(DATASET ENTRIES Opens)

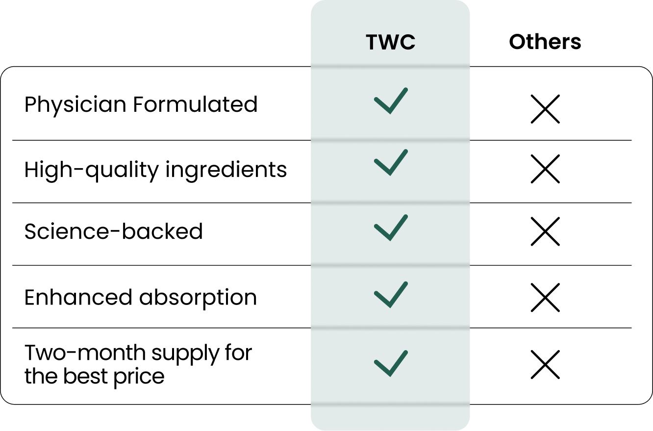 We carefully select every ingredient in our products and are committed to complete transparency about our formulas. With TWC, you can trust that you're receiving only the best for your body.
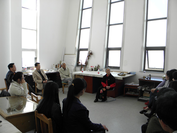 10月14日,柳咏絮女士与美术学院国画系师生一起座谈,美术学院副院长韩菊生,系主任马麟春出席座谈。座谈期间,柳咏絮女士谈论了柳子谷先生生平事迹,以及艺术感悟,同时对于美术学院长久以来的深厚感情。
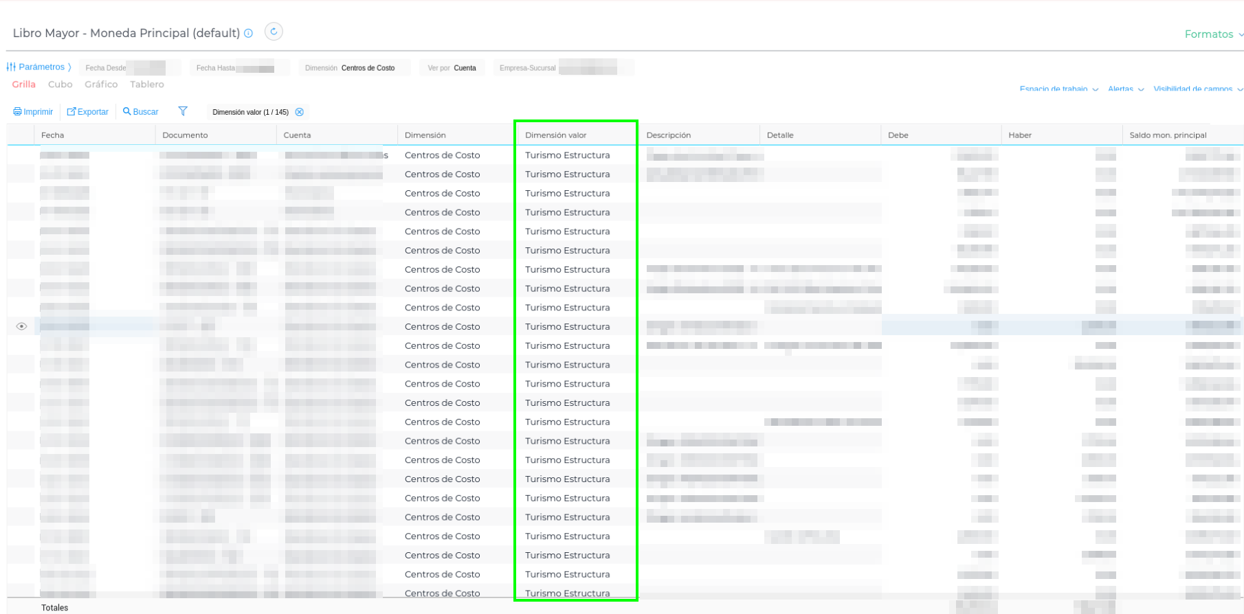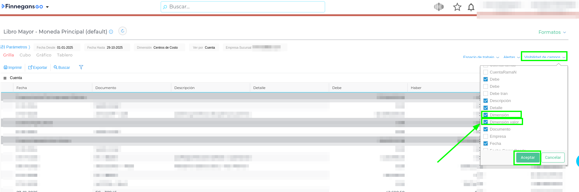 1 - Dirigirse al informe Libro Mayor y selecciona desde Visibilidad de Campos Dimension y Dimension Valor.
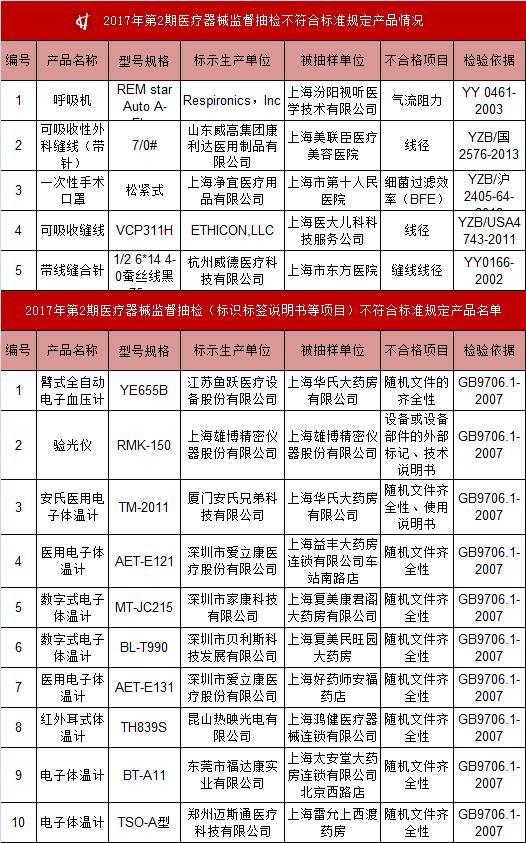 7月26日,上海市食品药品监督管理局发布2017年第2期医疗器械监督抽检质量通告。
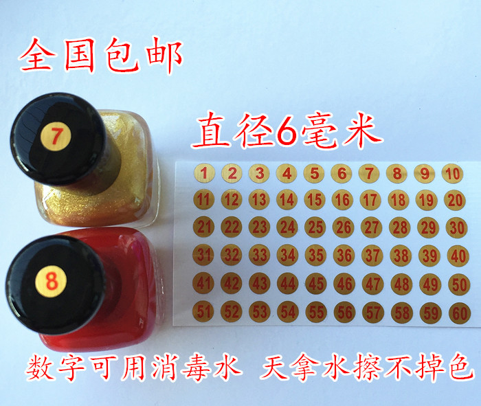 6ミリメートル金1-60色プレート数字番号マニキュアボトル番号記号ステッカー120ラベル180
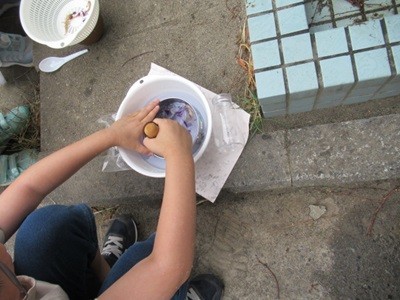 マヨネーズの空き容器に水を入れた水鉄砲で的当てをしたり、
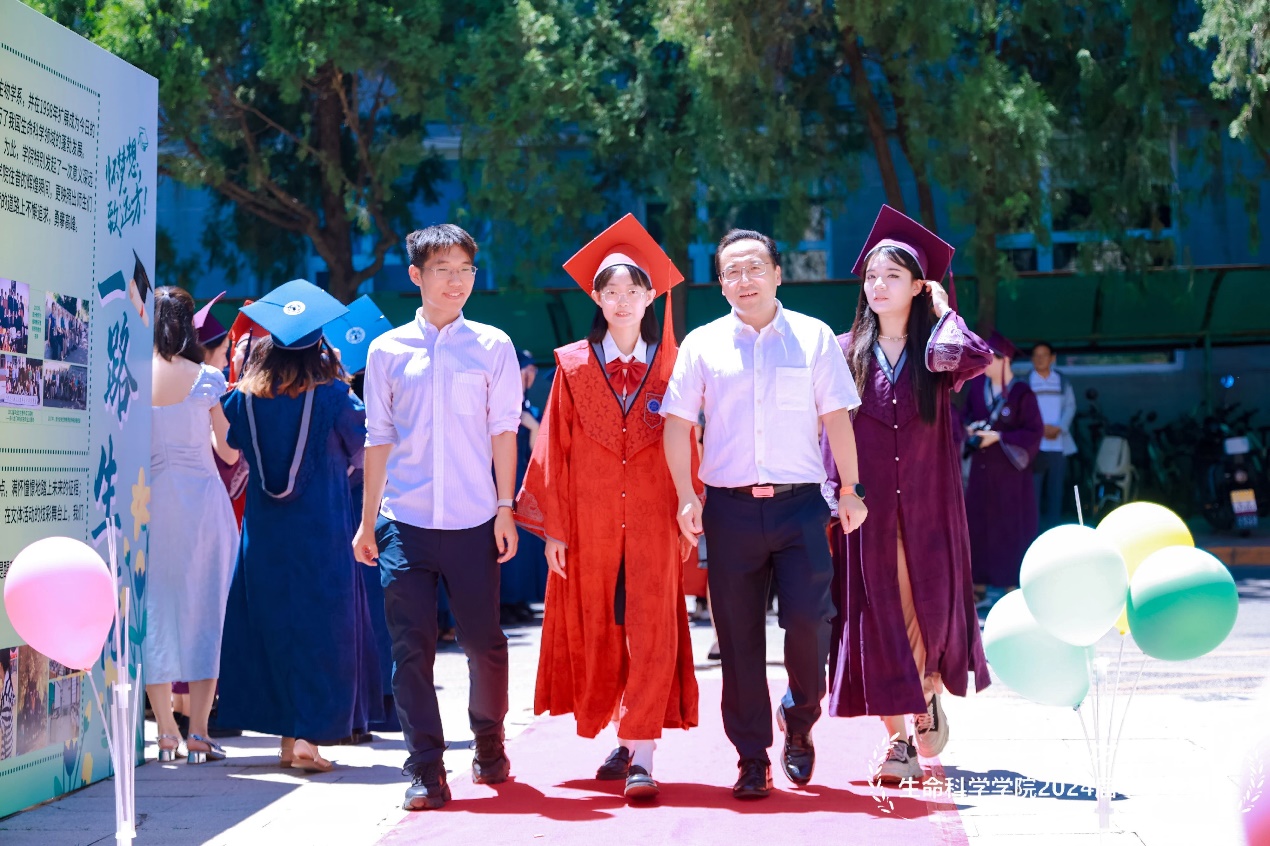 为庆祝生命科学学院2024届同学们顺利毕业,6月24日上午,当隆重的学院毕业典礼结束后,学院举办了“一路生花”生命科学学院2024届毕业生红毯仪式暨惜别冷餐会。学院党委书记王天明教授、院长窦非教授等学院领导、教师和校友代表出席了红毯仪式和惜别冷餐会,学院2024届本硕博毕业生近200人参加活动。
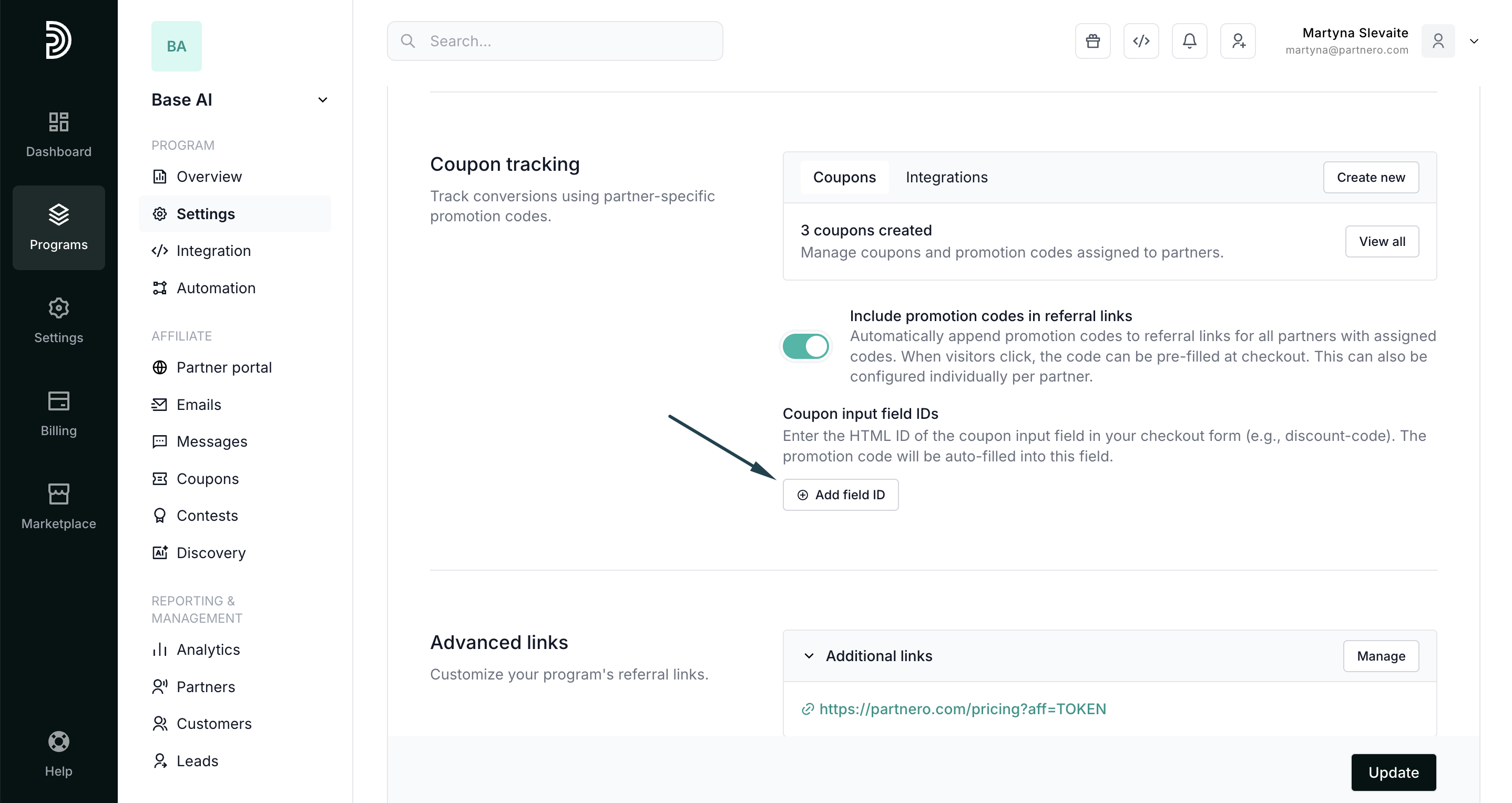 Auto-apply allows promotion codes to be automatically included in your partners' referral links. When a visitor clicks a referral link, the promotion code is passed to your website and can be automatically pre-filled in the coupon input field at checkout, creating a seamless discount experience for customers.
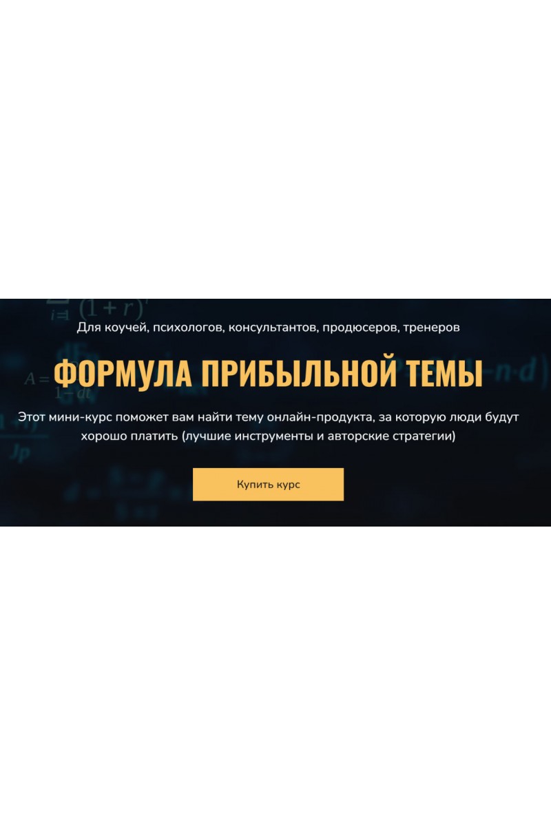 Программа мини-курса:Блок 1. Стратегии поиска темы онлайн-продуктаУрок 1. Как найти тему, если вы психолог или коуч?Урок 2. Как найти тему, если вы бизнес-консультант?Урок 3. Как найти тему, если вы астролог, таролог, нумеролог или эксперт по дизайну человека?Урок 4. Как найти тему, если вы владеете какой-то методикой трансформации (работа с родом, тета-хиллинг, созависимость, любой авторский метод и т.д.)Урок 5. Как найти тему, если вы эксперт по ЗОЖ?Урок 6. Как найти тему, если вы эксперт в теме отношений между мужчиной и женщиной?Урок 7. Как найти тему, если вы карьерный консультант?Урок 8. Как найти тему, если вы преподаете иностранный язык?Урок 9. Как найти тему, если вы обучаете сетевиков?Урок 10. Как найти тему, если вы музыкант или художник?Урок 11. Как найти тему, если вы фотограф?Урок 12. Как найти тему, если вы специалист по рекламе?Урок 13. Как найти тему, если вы блоггер?Урок 14. Как найти тему, если вы специалист по какому-либо хобби?Урок 15. Как найти тему, если вы писатель?Урок 16. Как найти тему, если вы предприниматель с большим опытом?Урок 17. Как найти тему, если вы начинаете с нуля и еще нет клиентов?Блок 2. Инструменты для поиска прибыльных тем онлайн-продуктовУрок 18. Методика №1. Ретроспективный анализУрок 19. Методика №2. Анализ закономерностейУрок 20. Методика №3. Лингвистический анализУрок 21. Методика №4. Поведенческий анализУрок 22. Методика №5. Анализ ролевых моделейУрок 23. Методика №6. Декомпозиция темыУрок 24. Методика №7. Модификация темыУрок 25. Методика №8. Кастомизация темыУрок 26. Методика №9. Сужение темыУрок 27. Методика №10. Анализ ключевых критериевБлок 3. Прибыльные темы для разных форматов онлайн-продуктовУрок 28. Как находить темы для популярных лид-магнитов (бесплатных продуктов)Урок 29. Как найти тему для бесплатного вебинара? (чтобы пришло и купило много людей)Урок 30. 3 стратегии выбора темы для бесплатного марафона (чтобы и пользу дать и люди захотели потом купить)Урок 31. Как выбрать тему для недорого микро-курса? (чтобы в маленьком продукте дать крутую ценность)Урок 32. Как разработать тему для платного авторского клуба? (чтобы его хорошо покупали, но его ведение занимало мало времени)Урок 33. 5 формул популярных тем для платных мастер-классов и интенсивов (чтобы люди легко покупали и чтобы быстро показать себя экспертом)Урок 34. 2 стратегии для выбора темы онлайн-воркшопа (для быстрого утепления базы)Урок 35. Как найти тему для флагманского продукта? (чтобы масштабировать проект и вести его чужими руками)Урок 36. 3 стратегии, чтобы найти тему для спринт-тренинга на несколько недель (чтобы давать людям быстрые крутые результаты)Урок 37. 7 стратегий, чтобы найти тему для премиальной мини-группы (чтобы не надо было долго ее продавать и платежеспособные люди хотели ее купить)Урок 38. Как выбрать тему для дорогого индивидуального коучинга? (чтобы поднять цену своего часа в разы и высвободить кучу времени)Урок 39. Как выбрать тему для экспресс-коучинга? (чтобы хорошо зарабатывать даже на маленькой базе подписчиков и продавать дорогой коучинг без кейсов)Урок 40. Как разработать тему для годовой массовой программы? (чтобы всегда было что продавать тем, кто уже все купил у вас)Автор Сергей Загородников:Основатель и руководитель интернет-проекта для коучей и консультантов CoachMarketing.ruВедущий эксперт по автоматизации продаж дорогого коучинга и консалтинг

(DATASET ENTRIES Closes)

[WHAT YOU ARE ASKED TO DO] All records above are to be printed exactly, minus the pictures they contain.

[TASK SOLUTION]
 We carefully select every ingredient in our products and are committed to complete transparency about our formulas. With TWC, you can trust that you're receiving only the best for your body.
 10月14日,柳咏絮女士与美术学院国画系师生一起座谈,美术学院副院长韩菊生,系主任马麟春出席座谈。座谈期间,柳咏絮女士谈论了柳子谷先生生平事迹,以及艺术感悟,同时对于美术学院长久以来的深厚感情。
 1 - Dirigirse al informe Libro Mayor y selecciona desde Visibilidad de Campos Dimension y Dimension Valor.
 7月26日,上海市食品药品监督管理局发布2017年第2期医疗器械监督抽检质量通告。
 6ミリメートル金1-60色プレート数字番号マニキュアボトル番号記号ステッカー120ラベル180
 マヨネーズの空き容器に水を入れた水鉄砲で的当てをしたり、
 为庆祝生命科学学院2024届同学们顺利毕业,6月24日上午,当隆重的学院毕业典礼结束后,学院举办了“一路生花”生命科学学院2024届毕业生红毯仪式暨惜别冷餐会。学院党委书记王天明教授、院长窦非教授等学院领导、教师和校友代表出席了红毯仪式和惜别冷餐会,学院2024届本硕博毕业生近200人参加活动。
 Auto-apply allows promotion codes to be automatically included in your partners' referral links. When a visitor clicks a referral link, the promotion code is passed to your website and can be automatically pre-filled in the coupon input field at checkout, creating a seamless discount experience for customers.
 Программа мини-курса:Блок 1. Стратегии поиска темы онлайн-продуктаУрок 1. Как найти тему, если вы психолог или коуч?Урок 2. Как найти тему, если вы бизнес-консультант?Урок 3. Как найти тему, если вы астролог, таролог, нумеролог или эксперт по дизайну человека?Урок 4. Как найти тему, если вы владеете какой-то методикой трансформации (работа с родом, тета-хиллинг, созависимость, любой авторский метод и т.д.)Урок 5. Как найти тему, если вы эксперт по ЗОЖ?Урок 6. Как найти тему, если вы эксперт в теме отношений между мужчиной и женщиной?Урок 7. Как найти тему, если вы карьерный консультант?Урок 8. Как найти тему, если вы преподаете иностранный язык?Урок 9. Как найти тему, если вы обучаете сетевиков?Урок 10. Как найти тему, если вы музыкант или художник?Урок 11. Как найти тему, если вы фотограф?Урок 12. Как найти тему, если вы специалист по рекламе?Урок 13. Как найти тему, если вы блоггер?Урок 14. Как найти тему, если вы специалист по какому-либо хобби?Урок 15. Как найти тему, если вы писатель?Урок 16. Как найти тему, если вы предприниматель с большим опытом?Урок 17. Как найти тему, если вы начинаете с нуля и еще нет клиентов?Блок 2. Инструменты для поиска прибыльных тем онлайн-продуктовУрок 18. Методика №1. Ретроспективный анализУрок 19. Методика №2. Анализ закономерностейУрок 20. Методика №3. Лингвистический анализУрок 21. Методика №4. Поведенческий анализУрок 22. Методика №5. Анализ ролевых моделейУрок 23. Методика №6. Декомпозиция темыУрок 24. Методика №7. Модификация темыУрок 25. Методика №8. Кастомизация темыУрок 26. Методика №9. Сужение темыУрок 27. Методика №10. Анализ ключевых критериевБлок 3. Прибыльные темы для разных форматов онлайн-продуктовУрок 28. Как находить темы для популярных лид-магнитов (бесплатных продуктов)Урок 29. Как найти тему для бесплатного вебинара? (чтобы пришло и купило много людей)Урок 30. 3 стратегии выбора темы для бесплатного марафона (чтобы и пользу дать и люди захотели потом купить)Урок 31. Как выбрать тему для недорого микро-курса? (чтобы в маленьком продукте дать крутую ценность)Урок 32. Как разработать тему для платного авторского клуба? (чтобы его хорошо покупали, но его ведение занимало мало времени)Урок 33. 5 формул популярных тем для платных мастер-классов и интенсивов (чтобы люди легко покупали и чтобы быстро показать себя экспертом)Урок 34. 2 стратегии для выбора темы онлайн-воркшопа (для быстрого утепления базы)Урок 35. Как найти тему для флагманского продукта? (чтобы масштабировать проект и вести его чужими руками)Урок 36. 3 стратегии, чтобы найти тему для спринт-тренинга на несколько недель (чтобы давать людям быстрые крутые результаты)Урок 37. 7 стратегий, чтобы найти тему для премиальной мини-группы (чтобы не надо было долго ее продавать и платежеспособные люди хотели ее купить)Урок 38. Как выбрать тему для дорогого индивидуального коучинга? (чтобы поднять цену своего часа в разы и высвободить кучу времени)Урок 39. Как выбрать тему для экспресс-коучинга? (чтобы хорошо зарабатывать даже на маленькой базе подписчиков и продавать дорогой коучинг без кейсов)Урок 40. Как разработать тему для годовой массовой программы? (чтобы всегда было что продавать тем, кто уже все купил у вас)Автор Сергей Загородников:Основатель и руководитель интернет-проекта для коучей и консультантов CoachMarketing.ruВедущий эксперт по автоматизации продаж дорогого коучинга и консалтинг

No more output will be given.